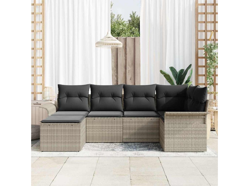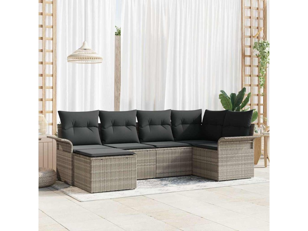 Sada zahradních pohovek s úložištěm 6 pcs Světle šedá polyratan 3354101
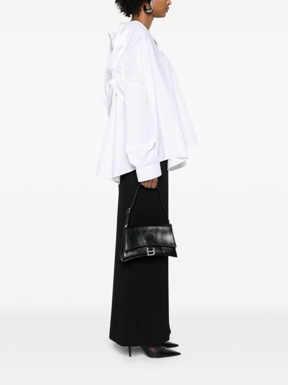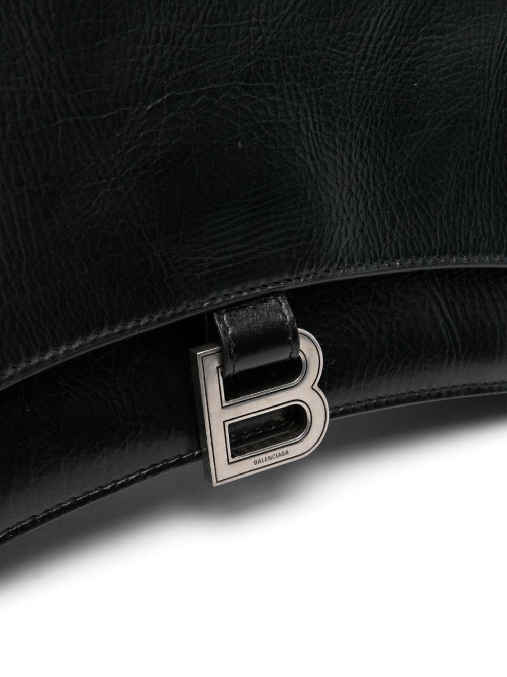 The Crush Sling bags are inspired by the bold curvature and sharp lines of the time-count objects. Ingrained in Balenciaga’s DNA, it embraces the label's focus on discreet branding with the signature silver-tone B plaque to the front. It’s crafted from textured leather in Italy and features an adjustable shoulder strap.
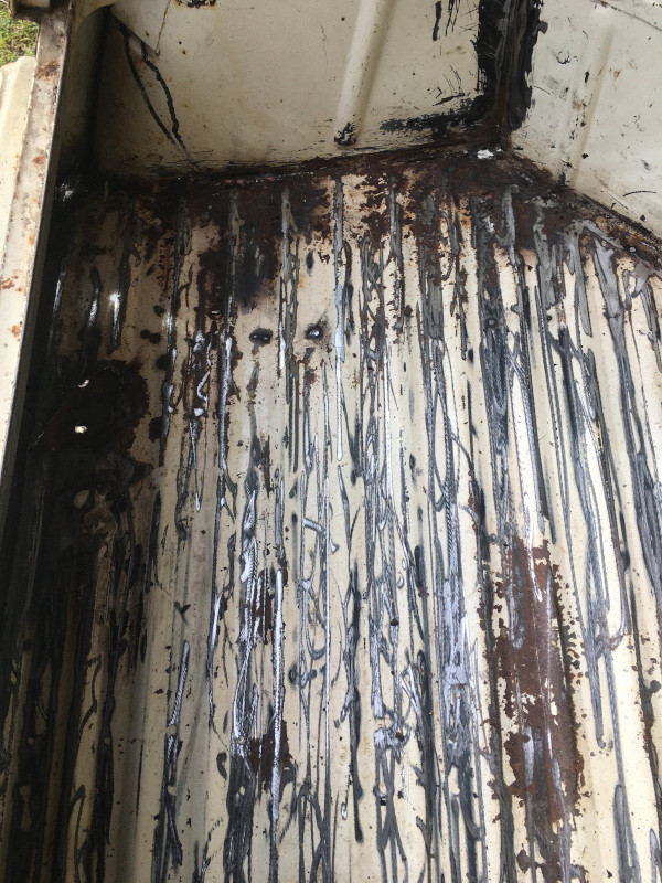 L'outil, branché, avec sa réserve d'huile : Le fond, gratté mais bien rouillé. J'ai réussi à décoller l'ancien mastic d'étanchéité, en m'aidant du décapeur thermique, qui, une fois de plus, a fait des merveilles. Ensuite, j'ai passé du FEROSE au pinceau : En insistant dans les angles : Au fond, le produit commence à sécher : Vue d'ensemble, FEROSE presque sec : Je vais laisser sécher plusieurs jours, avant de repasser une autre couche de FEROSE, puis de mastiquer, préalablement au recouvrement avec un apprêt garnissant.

**Your goal:** Pictures stay out of the copy; print the material above exactly.

**Solution for this problem:**
 Sada zahradních pohovek s úložištěm 6 pcs Světle šedá polyratan 3354101
 The Crush Sling bags are inspired by the bold curvature and sharp lines of the time-count objects. Ingrained in Balenciaga’s DNA, it embraces the label's focus on discreet branding with the signature silver-tone B plaque to the front. It’s crafted from textured leather in Italy and features an adjustable shoulder strap.
 L'outil, branché, avec sa réserve d'huile : Le fond, gratté mais bien rouillé. J'ai réussi à décoller l'ancien mastic d'étanchéité, en m'aidant du décapeur thermique, qui, une fois de plus, a fait des merveilles. Ensuite, j'ai passé du FEROSE au pinceau : En insistant dans les angles : Au fond, le produit commence à sécher : Vue d'ensemble, FEROSE presque sec : Je vais laisser sécher plusieurs jours, avant de repasser une autre couche de FEROSE, puis de mastiquer, préalablement au recouvrement avec un apprêt garnissant.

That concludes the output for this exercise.